DATA FOR THIS EXERCISE –
--------

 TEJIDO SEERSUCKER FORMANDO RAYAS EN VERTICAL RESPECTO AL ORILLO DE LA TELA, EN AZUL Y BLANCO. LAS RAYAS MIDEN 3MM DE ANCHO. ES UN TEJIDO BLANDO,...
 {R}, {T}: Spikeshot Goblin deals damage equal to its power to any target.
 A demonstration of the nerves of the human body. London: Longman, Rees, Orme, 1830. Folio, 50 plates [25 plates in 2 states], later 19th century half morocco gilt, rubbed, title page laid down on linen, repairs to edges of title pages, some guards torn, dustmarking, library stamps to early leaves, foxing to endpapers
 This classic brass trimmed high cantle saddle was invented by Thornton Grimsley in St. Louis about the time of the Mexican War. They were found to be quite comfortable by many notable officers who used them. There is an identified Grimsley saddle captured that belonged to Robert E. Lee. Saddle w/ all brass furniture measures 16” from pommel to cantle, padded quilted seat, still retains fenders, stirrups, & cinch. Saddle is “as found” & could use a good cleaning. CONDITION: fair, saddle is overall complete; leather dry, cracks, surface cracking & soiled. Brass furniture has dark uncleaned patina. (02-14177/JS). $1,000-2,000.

--------

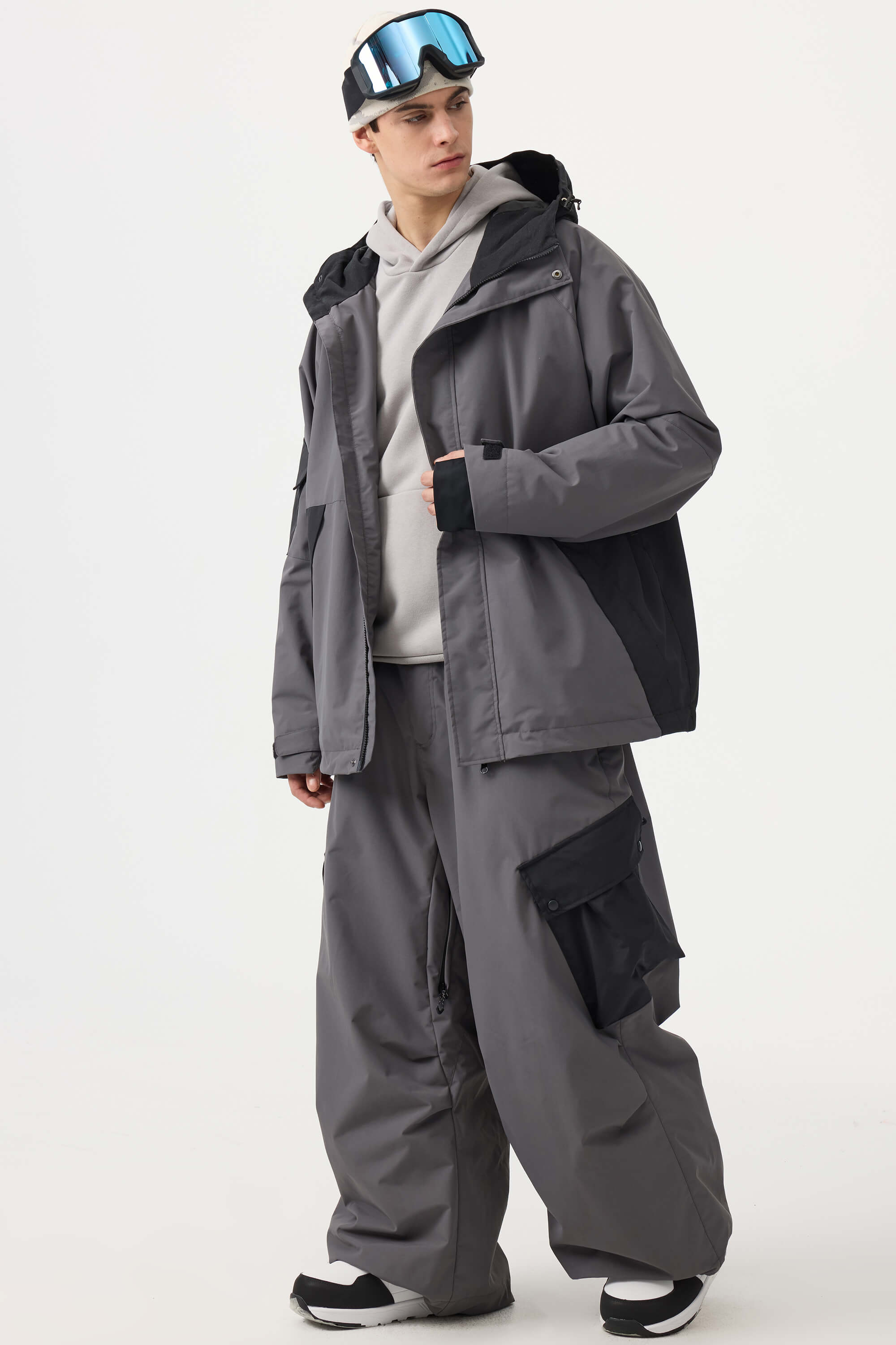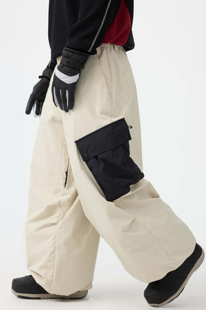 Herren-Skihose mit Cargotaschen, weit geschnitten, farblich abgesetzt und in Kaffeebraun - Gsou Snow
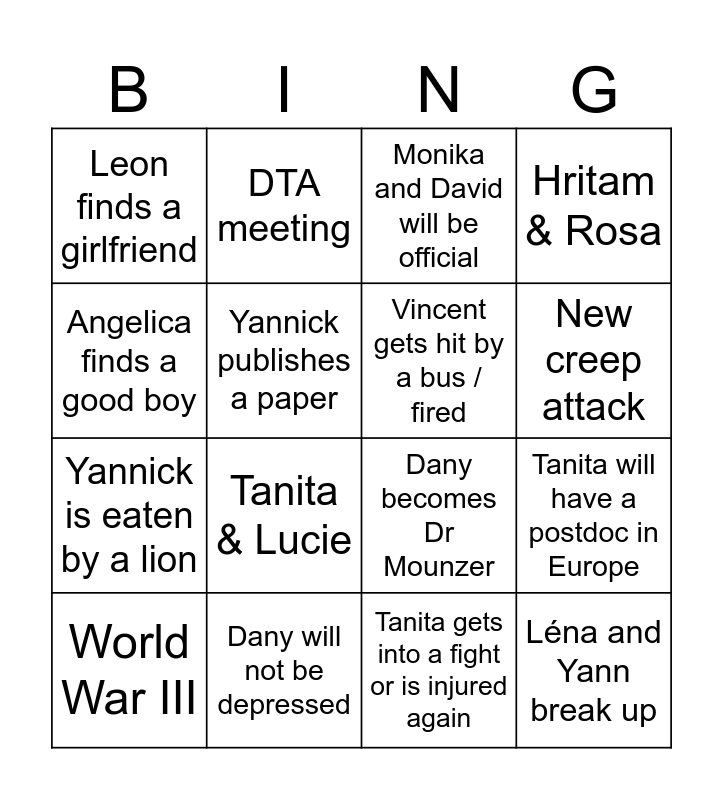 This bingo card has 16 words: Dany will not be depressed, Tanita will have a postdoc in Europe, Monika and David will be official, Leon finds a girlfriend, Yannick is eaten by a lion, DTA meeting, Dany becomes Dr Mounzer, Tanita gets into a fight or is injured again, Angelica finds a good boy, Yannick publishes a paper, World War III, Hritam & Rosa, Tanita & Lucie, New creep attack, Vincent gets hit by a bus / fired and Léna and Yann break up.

--------

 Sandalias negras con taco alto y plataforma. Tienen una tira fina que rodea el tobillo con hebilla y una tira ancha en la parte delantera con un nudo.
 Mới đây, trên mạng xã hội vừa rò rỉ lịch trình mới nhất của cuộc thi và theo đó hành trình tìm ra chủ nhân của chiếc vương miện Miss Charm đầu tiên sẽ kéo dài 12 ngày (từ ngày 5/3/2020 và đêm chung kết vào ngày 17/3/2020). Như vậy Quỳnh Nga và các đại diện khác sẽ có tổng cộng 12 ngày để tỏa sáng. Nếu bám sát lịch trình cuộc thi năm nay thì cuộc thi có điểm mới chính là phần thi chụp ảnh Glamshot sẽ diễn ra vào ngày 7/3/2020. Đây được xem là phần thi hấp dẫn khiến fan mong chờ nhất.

--------

Between and including the line with "Herren-Skihose mit Cargotaschen, weit" and the line with "This bingo card", repeat every line exactly as it appears above, with pictures left out.

SOLUTION –
 Herren-Skihose mit Cargotaschen, weit geschnitten, farblich abgesetzt und in Kaffeebraun - Gsou Snow
 This bingo card has 16 words: Dany will not be depressed, Tanita will have a postdoc in Europe, Monika and David will be official, Leon finds a girlfriend, Yannick is eaten by a lion, DTA meeting, Dany becomes Dr Mounzer, Tanita gets into a fight or is injured again, Angelica finds a good boy, Yannick publishes a paper, World War III, Hritam & Rosa, Tanita & Lucie, New creep attack, Vincent gets hit by a bus / fired and Léna and Yann break up.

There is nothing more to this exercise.